American digital artist

Josh Begley (born 1984) is an American digital artist known for his data visualizations. He is the creator of Metadata+, an iPhone app that tracked every reported United States drone strike. Begley is the director of two short films, Best of Luck with the Wall (2016) and Concussion Protocol (2018), both produced by Academy Award-winning director Laura Poitras. He is based in Brooklyn, New York.

== History ==
Begley was born in San Francisco, California in 1984. He is a graduate of University of California, Berkeley and the Interactive Telecommunications Program at New York University's Tisch School of the Arts.

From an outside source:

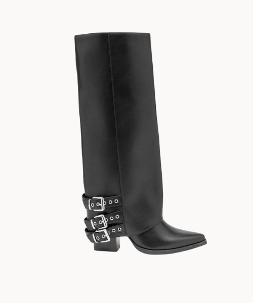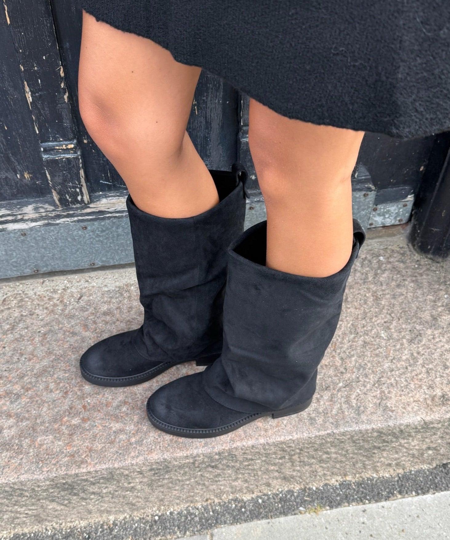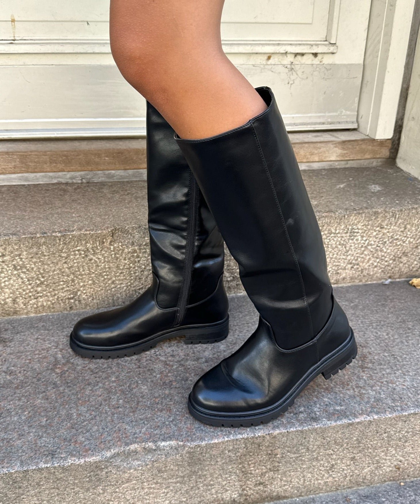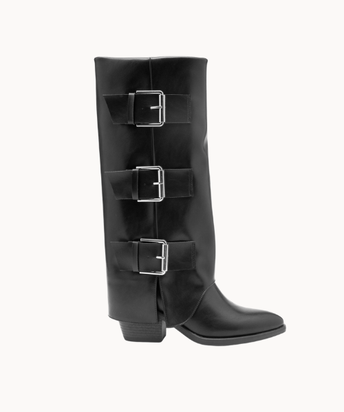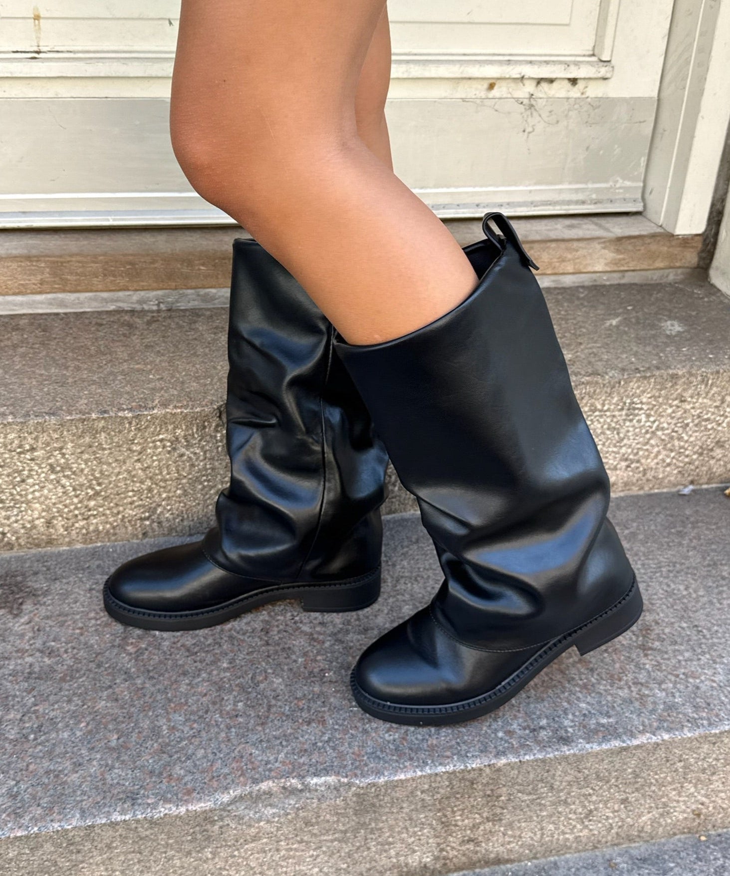 Vores nye er en stilren støvle i imiteret læder med manchet-detalje og dekorativt spænde. De kombinerer et råt udtryk med et feminint touch – perfekte til efteråret og vintersæsonen. Den stabile sål giver komfort, så du både kan bruge dem til hverdag og en tur i byen✨

Bagley has a history of activism and social advocacy. In July 2012, Begley developed an iPhone application that would send a push notification every time there was a US drone strike in Pakistan, Yemen, or Somalia. Apple rejected the app three times in the months following its release, calling its content "crude and objectionable". Begley then created Dronestream, a Twitter account chronicling every reported US drone strike, for Douglas Rushkoff's Narrative Lab. It gained 15,000 followers in the first week.

In June 2012, Begley and two other New York University graduate students, Mehan Jayasuriya and James Borda, received a cease and desist letter from Invisible Children for their Kony 2012 parody website, Kickstriker.

In 2014, after five rejections, Apple accepted Begley's iPhone app. It was then approved as Metadata+, before once again being removed by Apple, bringing the total number of rejections to 12. He works at The Intercept with journalists Jeremy Scahill, Glenn Greenwald, and Laura Poitras.

==Career==
Begley is the director of Best of Luck with the Wall (2016), a documentary short about the geography of the U.S.-Mexico border. It was made with 200,000 satellite images downloaded from Google Maps. It received Honorary Mention at 2017 Prix Ars Electronica and was nominated for an ICP Infinity Award.

In 2018, Begley released his second short film, Concussion Protocol (2018), produced by Academy Award-winning director Laura Poitras. The New Yorker called it "a chasteningly gorgeous accounting of each concussion reported during the current N.F.L. season."

He co-taught a class at Columbia Law School in Fall of 2018.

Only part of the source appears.